▶ _Problem statement_: Please keep the pictures out and write out exactly the lines from the first in the data below through the one containing "К этому времени", both included.

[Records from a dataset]

★ ★ ★ ★ ★ ★ ★

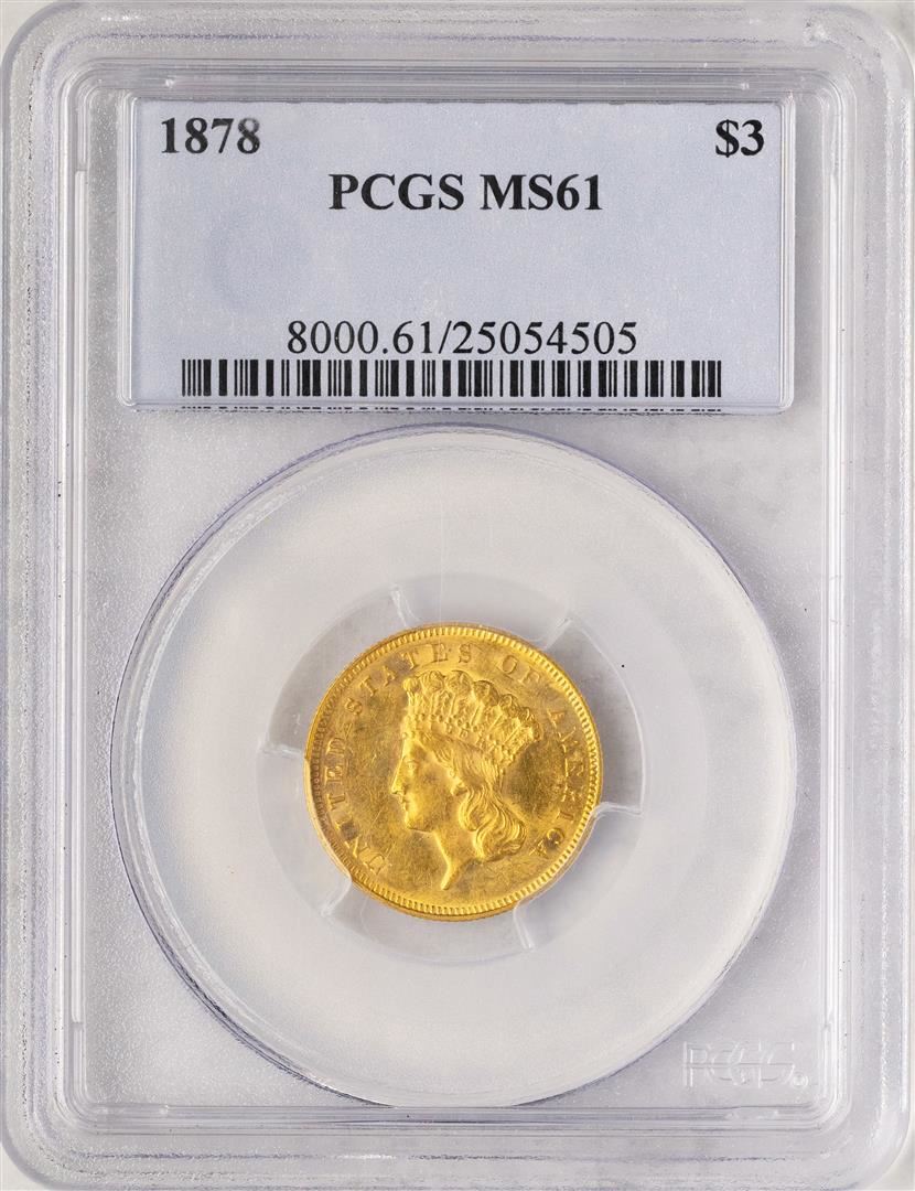 One 1878 $3 Indian Princess Head Gold Coin PCGS MS61. PCGS Graded.
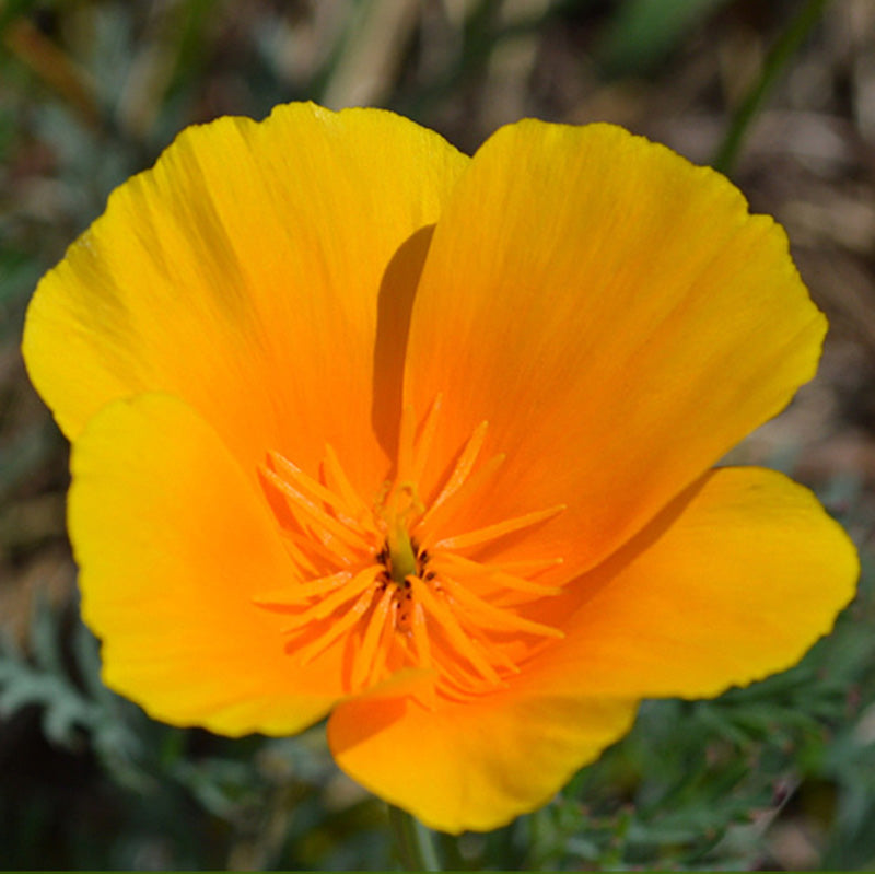 ‘Yukon Gold’ Poppy is a California poppy with brilliant blooms that feature petals of bright golden shades and centers of deeper orange hues. The slightly ruffled double blooms sit above lovely blue-green feathery foliage. This poppy variety is an easy to grow direct sow annual that will bloom from spring through summer. ‘Yukon Gold’ Poppy is spectacular when sown in drifts in sunny borders, but can also be used to fill gaps in the border and in mixed plantings with other annuals.
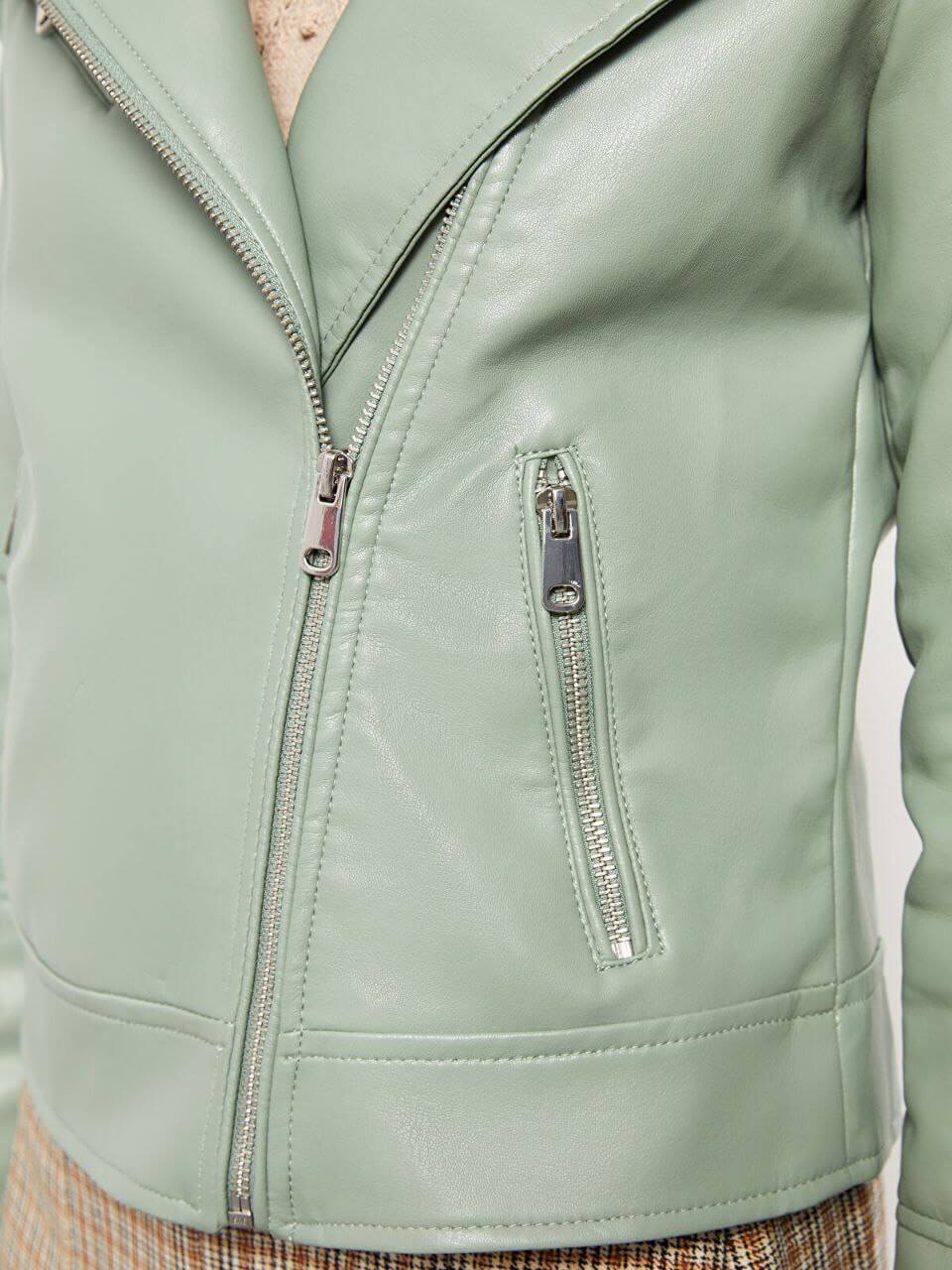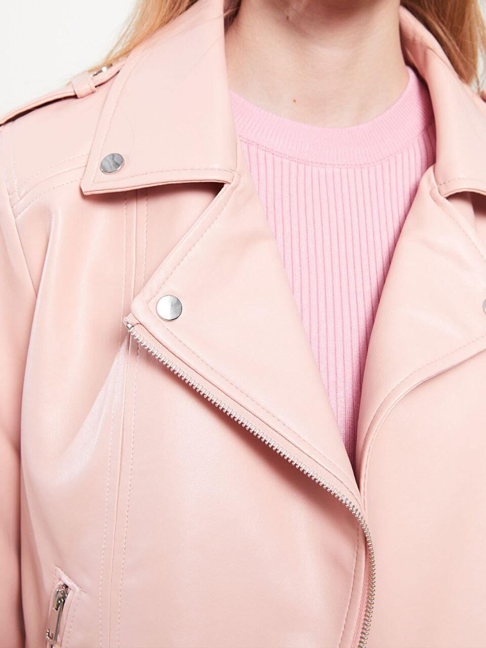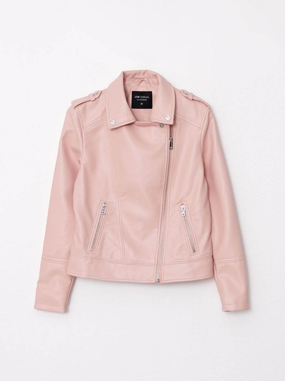Veste féminine en simili cuir, coupe moderne avec fermeture asymétrique et détails zippés. Disponible en 3 couleurs élégantes : noir, rose et vert.
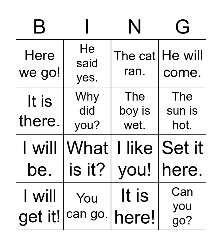 This bingo card has 16 words: You can go., Set it here., The cat ran., Here we go!, I will be., He said yes., I like you!, It is here!, It is there., Why did you?, I will get it!, He will come., What is it?, The sun is hot., The boy is wet. and Can you go?.
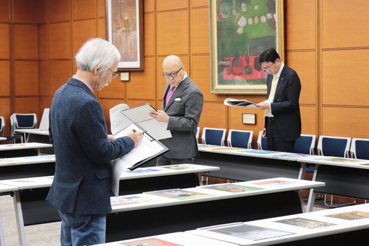 応募いただいた2,300点以上の作品から、柴崎春通氏による審査のもと、展示作品100点を選出し、柴崎春通氏、山田五郎氏、ぺんてる代表取締役社長の石垣淳一による審査のもと、展示作品100点の中から審査員賞10点を選出しました。選出作品は、AWRD特設サイト上で公開しています。
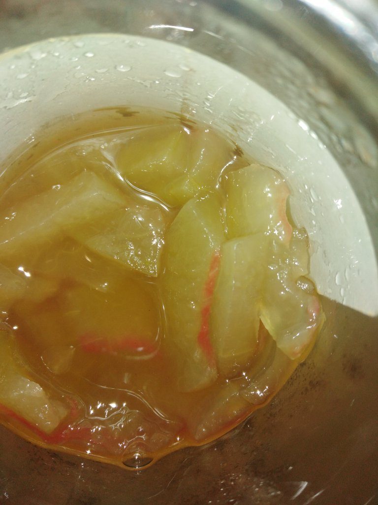 К этому времени корки дали сок, и консистенция изменилась на жидкую. Сами брусочки стали прозрачного золотистого цвета. Они будто плавали в меду.
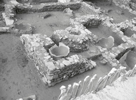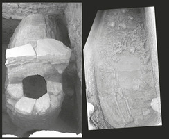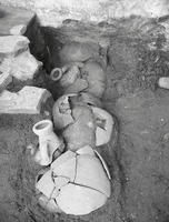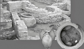 Au dessus des vestiges de ce complexe une église à plan carré (fig. 3 ; cf. Chronique n. 2705) a été édifié dans la deuxième moitié du Ve s. Les murs, en opus mixtum étaient recouverts, à l’intérieur, de deux couches d’enduit ainsi que de fresques, comme le témoigne la découverte, par endroits, d’enduits polychromes. Deux entrées ont été repérées, l’une du côté Sud et l’autre, plus étroite, du côté Est, au Sud de l’abside. Cette dernière donnait sur un espace à moitié couvert qui abritait six pithoi ; l'un d'eux a été retrouvé intact in situ et contenait cinq amphores samiennes entières de la fin du Ve ou du début du VIe s. de notre ère (fig. 4). La porte Sud donnait sur une dépendance/un annexe de plan carré, contemporaine à la nef de l'église (fig. 5). Le sol de celle-ci a été pavé plus tardivement, sous Justin I (518-527), de plaques de marbre de remploi sur un double substrat de mortier hydraulique et tessons. Sous ce sol on a découvert une tombe à voûte datée également du Ve s (fig. 6). Cette dernière était dotée d’une entrée en demi-cercle, sa voûte était construite de briques, ses murs étaient recouverts d’enduit et le sol était pavé de briques. Elle contenait les restes de quatre individus, peut-être en inhumation secondaire. La tombe était associée à une petite boîte assemblée en marbre et à une structure maçonnée orthogonale avec deux amphores intactes. Après l’abandon de l’église, au début du VIIe s., des tombes en fosse ont été creusées dans ses ruines. Située dans le large domaine de la nécropole Ouest de la ville, la fouille a également livré plusieurs tombes à tuiles, surtout des sépultures d’enfants et de nourrissons datées entre le Ve et le VIe s. de notre ère, ainsi que deux tombes à ciste, deux enchytrismes et une tombe en fosse recouverte d’amphores protobyzantines (fig. 7), difficiles à dater.
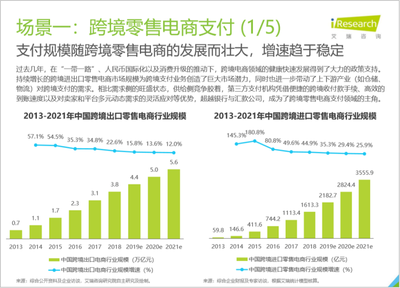过去几年,在“一带一路”、人民币国际化以及消费升级的推动下,跨境电商领域的健康快速发展得到了大力的政策支持。支付规模随跨境零售电商的发展而壮大,增速趋于稳定。
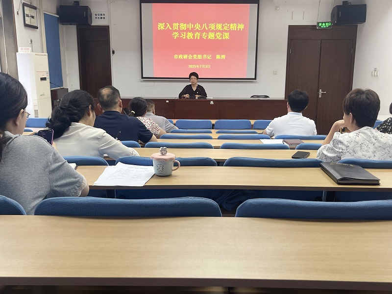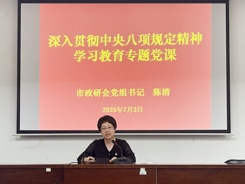 为进一步深入贯彻中央八项规定精神,推动作风建设走深走实,2025年7月3日下午,市政研会党组书记、常务副会长、一级巡视员陈清同志讲授题为《贯彻落实中央八项规定精神 持续推进市政研会作风建设》的专题党课。
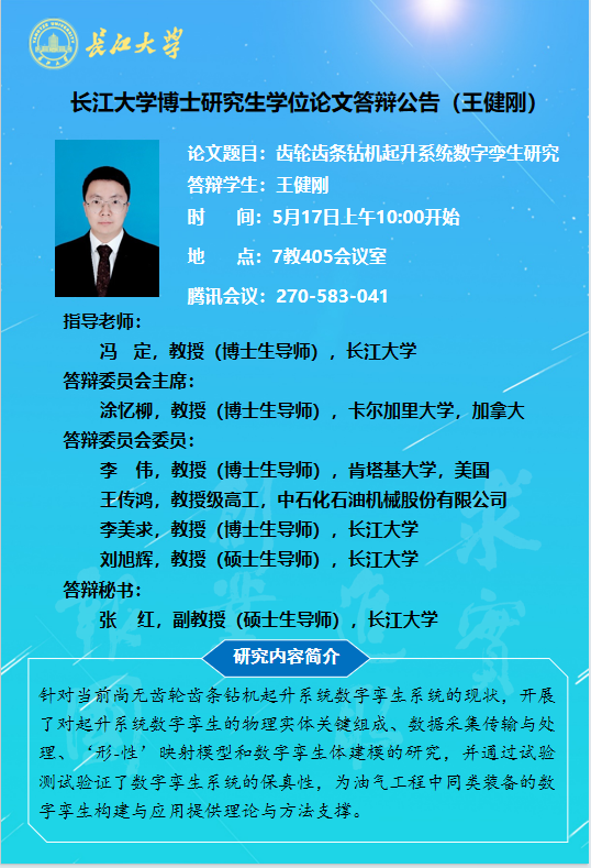 【博士论文答辩】太阳成集团122ccvip博士研究生学位论文答辩公告(王健刚)
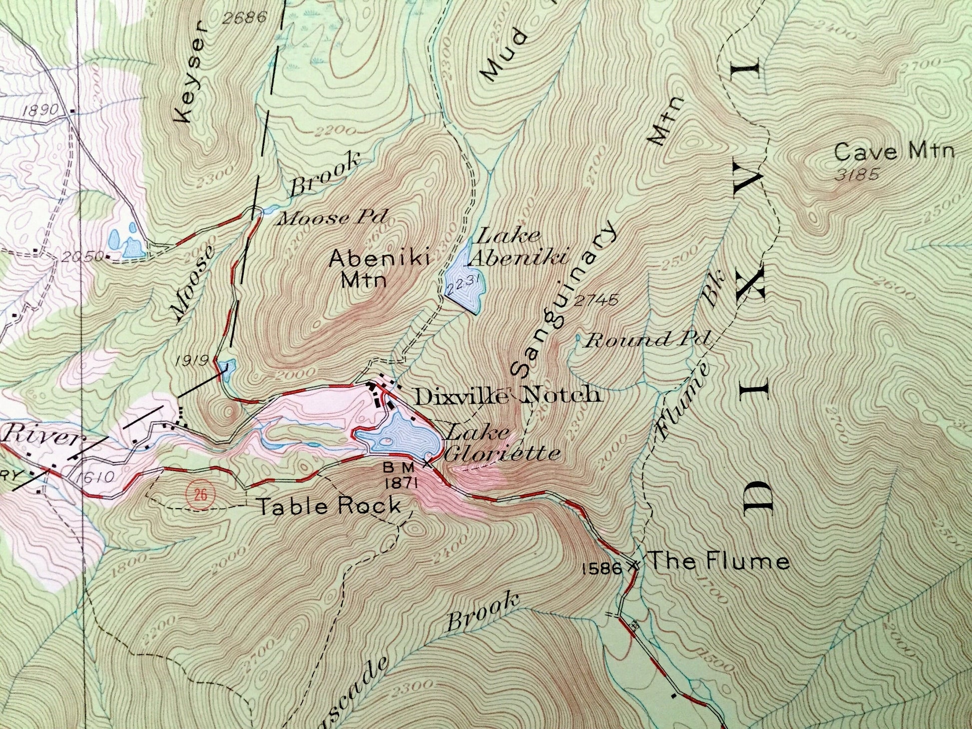 Points of Interest: Dixville Notch, Mohawk River, Lake Gloriette, Lake Abeniki, Diamond Pond, Little Diamond Pond, Millsfield Pond, Phillips Pond, Nash Bog Pond, Mud Pond, Bishop Brook, Diamond River, Alder Brook, Blueberry Swamp, Simms Stream, Clear Stream, The Flume, Stewartstown Hollow, Dead Water Ridge, Piper Hill, Collins Hill, Hedgehog Hill, Dearth Hill, Mudget Mountain, Holden Hill, Diamond Ridge, South Ridge, Black Bluff Hill, Blue Ridge, Tumble Dick Mountain, Nathan Pond Ridge, Carlton Hill, State Fish Hatchery, Abeniki Mountain, Table Rock, Cave Mountain, Mud Pond Ridge, Sugar Hill, Van Dyck Mountain, Cleveland Notch, Blue Mountain, Gore Notch, Cranberry Bog Notch, Moran Natch, Gadwah Notch, Devils Washbowl, Kingston Dam, Mt. Kelsey, Owlhead Mountain, Mt. Metalak, Maine Central Railroad and lots more hills, mountains, streams, ponds, marshes, camps, roads.
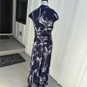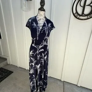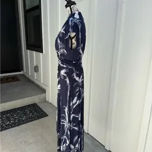 Soma Serenity Maxi Dress Navy Floral Print L Built-in Bra Cool Touch Pockets
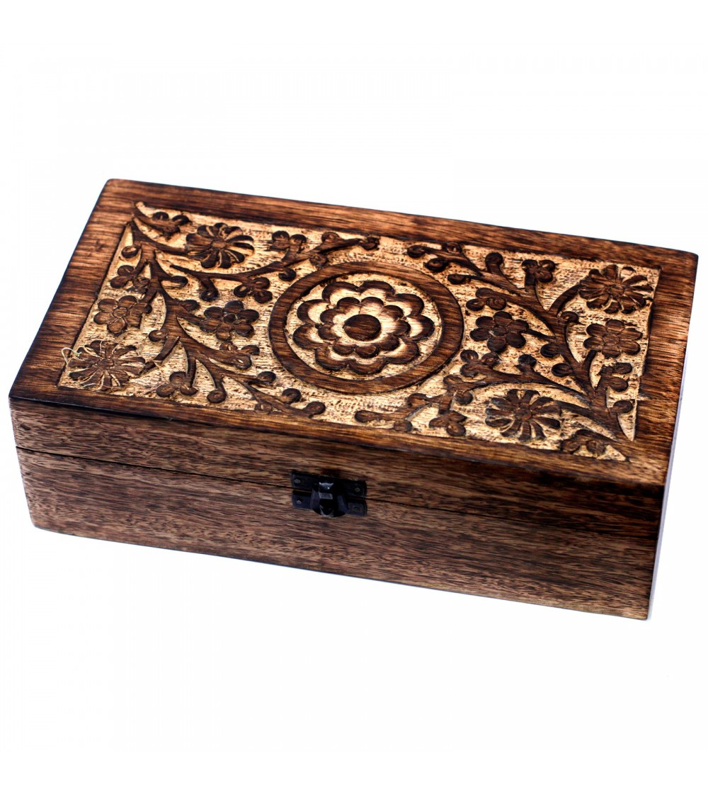 Magnifique coffret Aromathérapie en bois sculpté et orné de fleur en laiton .

★ ★ ★ ★ ★ ★ ★

▶ _Result_:
 One 1878 $3 Indian Princess Head Gold Coin PCGS MS61. PCGS Graded.
 ‘Yukon Gold’ Poppy is a California poppy with brilliant blooms that feature petals of bright golden shades and centers of deeper orange hues. The slightly ruffled double blooms sit above lovely blue-green feathery foliage. This poppy variety is an easy to grow direct sow annual that will bloom from spring through summer. ‘Yukon Gold’ Poppy is spectacular when sown in drifts in sunny borders, but can also be used to fill gaps in the border and in mixed plantings with other annuals.
Veste féminine en simili cuir, coupe moderne avec fermeture asymétrique et détails zippés. Disponible en 3 couleurs élégantes : noir, rose et vert.
 This bingo card has 16 words: You can go., Set it here., The cat ran., Here we go!, I will be., He said yes., I like you!, It is here!, It is there., Why did you?, I will get it!, He will come., What is it?, The sun is hot., The boy is wet. and Can you go?.
 応募いただいた2,300点以上の作品から、柴崎春通氏による審査のもと、展示作品100点を選出し、柴崎春通氏、山田五郎氏、ぺんてる代表取締役社長の石垣淳一による審査のもと、展示作品100点の中から審査員賞10点を選出しました。選出作品は、AWRD特設サイト上で公開しています。
 К этому времени корки дали сок, и консистенция изменилась на жидкую. Сами брусочки стали прозрачного золотистого цвета. Они будто плавали в меду.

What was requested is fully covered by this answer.